Collection entries:
++++++++++++++++++++

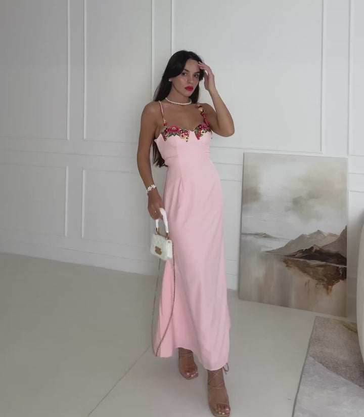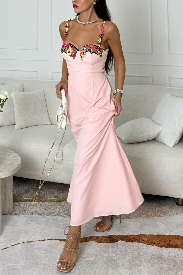 Experience delight in simplicity and charm with our Esne Flower Halter Maxi Dress! The Esne Flower Halter Maxi Dress showcases a flattering fitted silhouette adorned with delicate floral embroidery on the shoulder straps. It exudes romantic charm, perfect for special occasions. Complete the look with dainty gold jewelry and strappy sandals for an elegant touch.
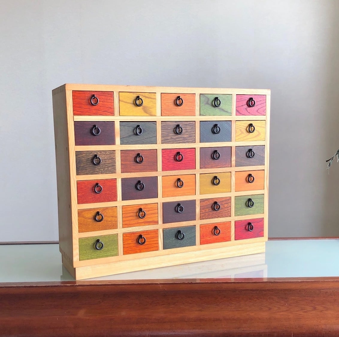 国産センの木、彩色部分は水性ステイン着色(染色)塗装、全体は薄めのクリアラッカー塗装仕上げ。
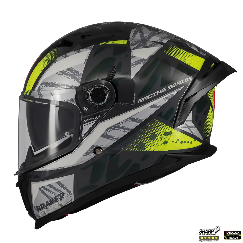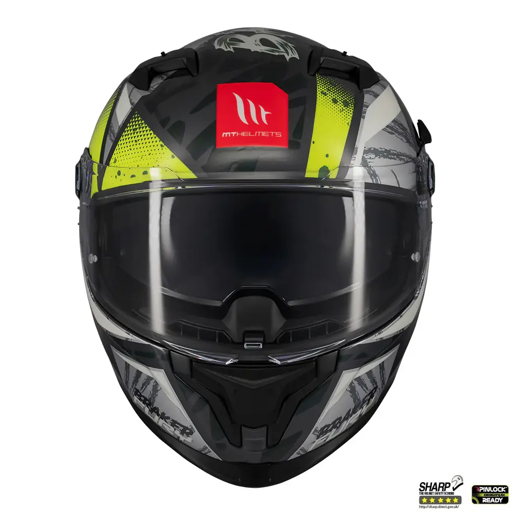 Casca integrala MT Braker SV Fury C6 gri/galben lucios (ochelari soare integrati) – tip viziera: MT-V-28B – DKS435 – punctaj maxim SHARP Test – 5 stele
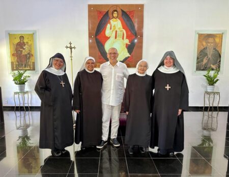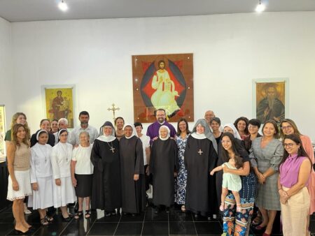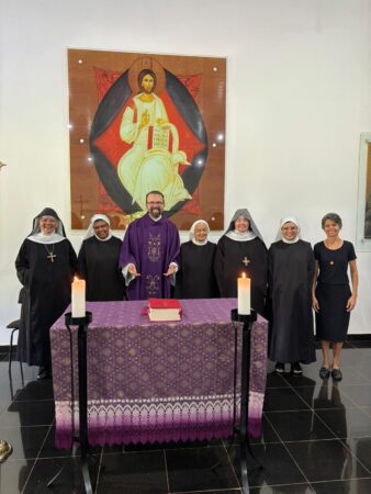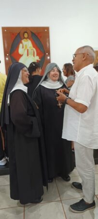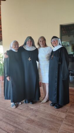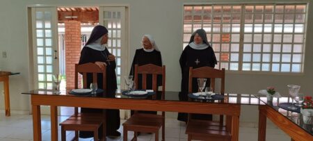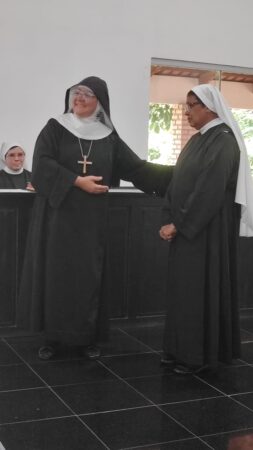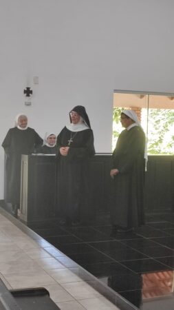 “Vamos fazer três Tendas. Deus não nos colocou um espírito de timidez. Por isso aqui estou. Em um dia memorável, quando dormi tranquila levando no coração simplesmente as preocupações inerentes a caminhada monástica, de repente Me. Maria Letícia resigna e eu sou nomeada Madre Prioresa dessa Casa de Deus. Nossa… a chave girou. E agora? “Ecce Ancila Domini.”Sou tua serva Senhor. Novos tempos. De trabalhar mais ainda. De fazer o Novo de Deus acontecer pela perspectiva da Sinodalidade. De unidade, de sintonia em todas as dimensões para construção do Reino de Deus nessa temporalidade. Encontro 2 diferenças em mim. Estou e Sou. ESTOU Prioresa e SOU tua Serva. Agradeço a confiança que Me. Abadessa Escolástica depositou em mim. Me Maria Letícia vivi todos esse anos tentando dar o melhor de mim, ajudando a senhora em sua missão de Madre dessa Casa de Deus. Deus o sabe, quantos desafios e enfrentamentos fizemos para chegar até aqui. Quantos lágrimas derramamos para consolidação do nosso Mosteiro. Porém aqui estamos e eu olho para a senhora e leio em seu rosto, as marcas de um tempo de muitas lutas. Quedas, alegrias e Conquistas. Valeu a pena acreditar! Por Deus tudo vale. Bendito seja Deus que nos sustentou e sustenta a cada momento, no deserto e na alegria. Rogo-Te, Oh meu Rei, que por intercessão da Virgem Maria Rainha desse Mosteiro, de nosso Pai S. Bento e de Santa Escolástica, que não confunda minha esperança. “Ecce Ancila Domini. “
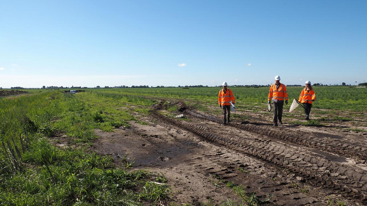 De eerste nulmeting in juni heeft laten zien dat er op de open grasvelden en braakliggende akkers weinig tot geen bestuivers te vinden zijn, maar dat de grote diversiteit aan bloeiende plantensoorten langs de sloten en dijken rondom het terrein zeer aantrekkelijk is voor bestuivers. Door middel van potvallen en vangnetten heeft een team van Naturalis in twee dagen tijd verschillende soorten bestuivers aangetroffen in deze delen van het terrein, zoals aardhommels, akkerhommels, weidehommels, honingbijen, zandbijen, diverse zweefvliegsoorten en vlinders.

++++++++++++++++++++

§ Problem requirements: Copy word for word each line of the data above, from the first through the one containing "Casca integrala MT", and include no pictures.

§ Result of this task:
 Experience delight in simplicity and charm with our Esne Flower Halter Maxi Dress! The Esne Flower Halter Maxi Dress showcases a flattering fitted silhouette adorned with delicate floral embroidery on the shoulder straps. It exudes romantic charm, perfect for special occasions. Complete the look with dainty gold jewelry and strappy sandals for an elegant touch.
 国産センの木、彩色部分は水性ステイン着色(染色)塗装、全体は薄めのクリアラッカー塗装仕上げ。
 Casca integrala MT Braker SV Fury C6 gri/galben lucios (ochelari soare integrati) – tip viziera: MT-V-28B – DKS435 – punctaj maxim SHARP Test – 5 stele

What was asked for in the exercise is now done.